GGS suffers from the usual issue of a biologist writing history. Diamond is a geographer whose background is in birds, and he clearly brings this bias. Biologists do this thing where they take their field of study and assume the paradigms that work there will also explain human history. I've seen this by entomologists who try to view all of human history through the lens of warfare, comparing human armies to beetle prongs. This approach works in the same way that mouse studies are useful for human medicine. It's close enough that the results can be suggestive, but not definitive in the way the authors like to portray them. That being said, while I wouldn't take everything Diamond says as defensible, he does have some important points that are helpful. His discussion of the availability of large-seeded grasses and domesticable animals in Eurasia is excellent, as is the discussion on the evolutionary impact of diseases.
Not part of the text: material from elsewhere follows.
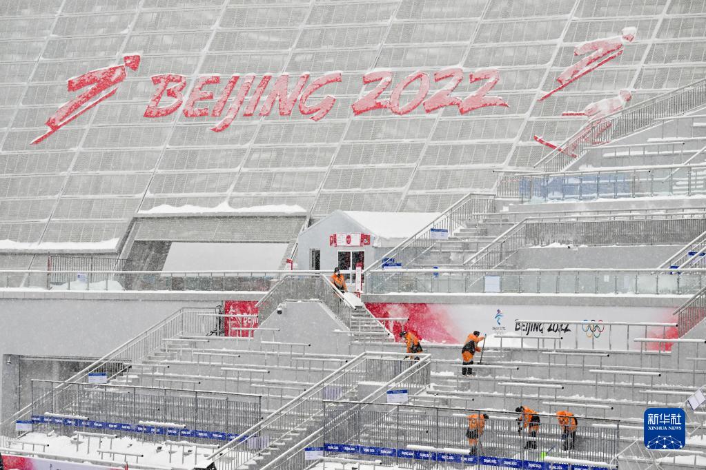 2月13日、北京2022年冬季オリンピック張家口競技区で雪が降った。国家スキージャンプセンターの技術士と従業員は同日の公式トレーニングに備え、緊急で除雪とコース整備作業を行った。

The second is greatly aided by Scott's discussion of the "multi-species resettlement camp," so I highly recommend considering them together.

Sapiens, on the other hand, is a bunch of hot air. Harari comes across in the whole book as pretty snobby and full of himself, as though he's imparting some sacred wisdom when he has essentially no understanding of the complex topic himself. Harari is a medievalist by training, and his lack of understanding in other topics really shows. His discussion on the origins of agriculture is nonsensical, based almost entirely on conjecture and an incomplete understanding of the data. It also really doesn't help that he doesn't bother to properly cite his sources. I can't speak about his understanding of other topics, but since he got so much wrong in an area I do know about, I wouldn't be bullish on his quality elsewhere.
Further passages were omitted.